The ability to test quickly to find out what is making someone sick can mean the difference between life and death, because antiviral medications must be given early on to prevent serious illness in the case of influenza.

The Swedish researchers found in their sample of 540 children in a pediatric hospital ward, that the new bocavirus was responsible for 17 of the cases.

Tobias Allander of the Karolinska Institute in Stockholm and colleagues, say that lower respiratory tract infection is a leading cause for hospitalization of infants and young children, and the most important viral agent in this group of patients is respiratory syncytial virus (RSV).

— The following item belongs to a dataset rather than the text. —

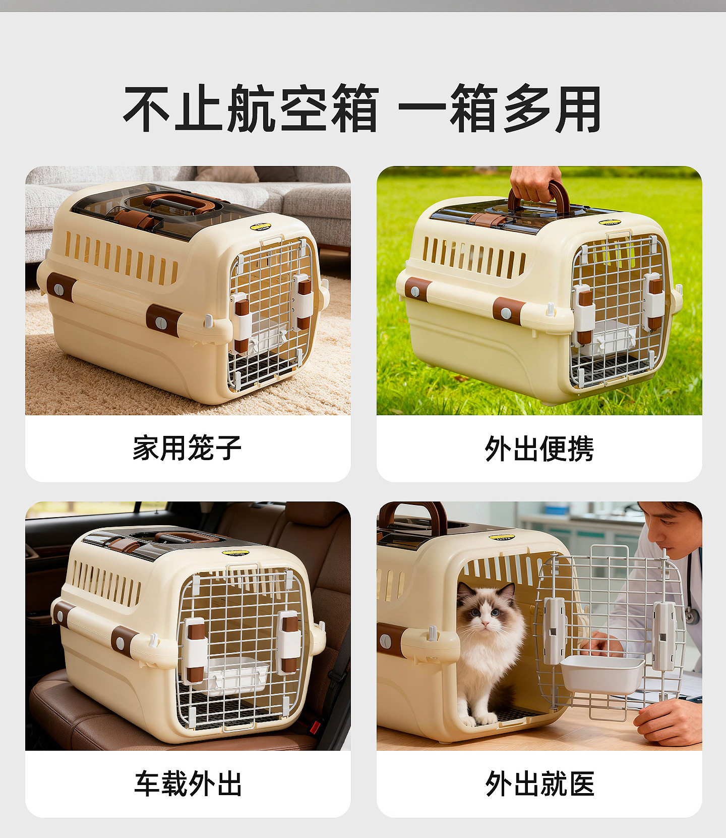 Pet Travel Crate for Cats and Small to Medium-Sized Dogs, Portable Transport Crate, Cat and Dog Cage, Ventilated, Anti-Stress, Car-Mounted Crate

Other important agents are apparently the influenza viruses, parainfluenza viruses, adenoviruses, rhinoviruses, coronaviruses, and human metapneumovirus.

However according to the researchers, the causes of between 12 percent and 39 percent of these serious infections are never identified.

Janice Louie of the California Department of Health Services, Lawrence Drew of the University of California, San Francisco and colleagues, in the second study checked patients reporting to the hospital with flulike illness including "unspecified upper respiratory infection," acute bronchitis, sinus infections and pneumonia.

They found that they could only identify a virus in 103, or 39 percent, of the patients. These included influenza A or B in 54 patients, picornavirus in 28, RSV in 12, human metapneumovirus in four and human coronavirus OC43 in two patients.

The Swedish study is published in the current issue of the Proceedings of the National Academy of Sciences.